Val sniffed the air, frowning. “I’m not sure it’s actually broken.” Another sniff. She glanced at Justin, who nodded. “I smell corpses here. It’s faint, but, definitely there.”

That was when Sunny held up the shorter of her wavy-bladed knives. Under the streetlights it was hard to see, but you could
hear
the metal singing as it resonated with . . . what, exactly? “It’s here, very close.” She turned, pointing the tip like a compass needle. The pitch increased until she was facing the vacant lot. “Here,” said Sunny. “Watch.” She stepped forward, into the weeds, and plunged the knife into the earth.

It was like coming out of a fog bank into a clear night, even though none of them had moved. The air shimmered, a ripple that started with Sunny’s blade and fanned out over the dead brown grass. As it dissipated, a gasp went through the group.

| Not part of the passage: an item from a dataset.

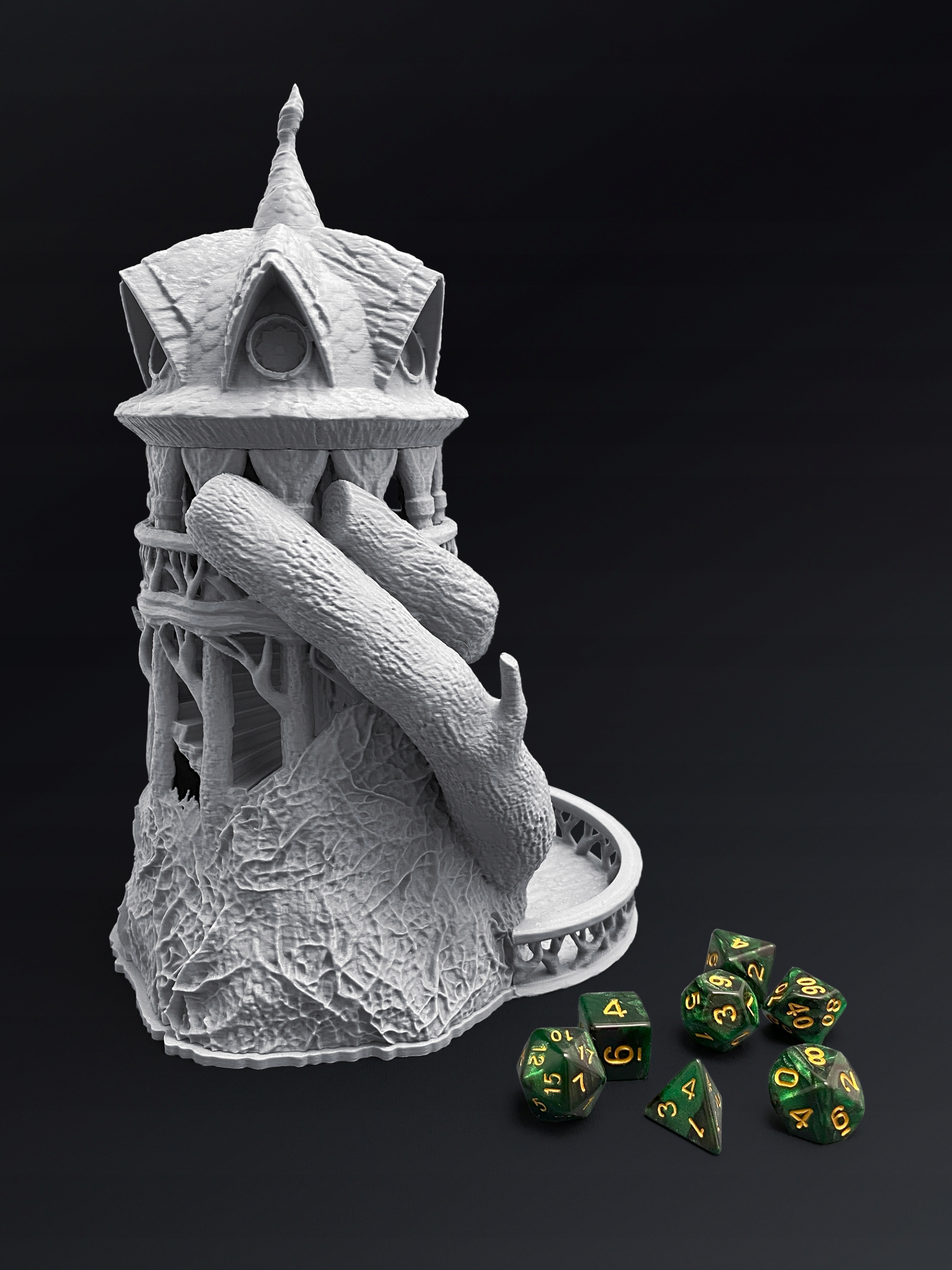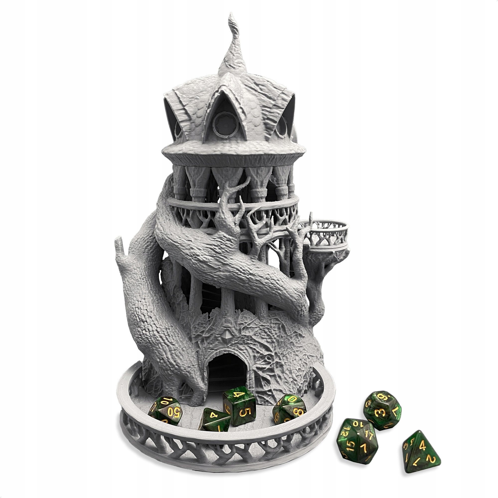Model DRUID Dice Tower to klimatyczna wieża inspirowana naturą i magią druidów – idealna do gier takich jak Dungeons & Dragons, Pathfinder czy inne systemy RPG.

The lot wasn’t vacant at all.

The house occupying it was a two-story McMansion. The door to the two-car garage dominated the front, and the house otherwise looked like several structures mashed together. Three different facades in addition to the garage, each requiring its own roof that joined the other at odd angles. In what must have been a nightmare for the architect, a balcony wrapped around the whole second floor.

“Holy shit,” said Cavale. “I’d forgotten about this house. Few years back, this developer decided he was going to build a bunch of these. But only the one ever went up, because that’s when the economy tanked and the housing market shit the bed. This place was listed for months, but no one could afford it.”

Chaz looked at the other houses on the street. “So what we’re seeing is, this guy picked the one place in the neighborhood that probably doesn’t come with its ghosts preinstalled.”

“Yeah.”

“Why do I feel like that’s not as much a point in our favor as it sounds?”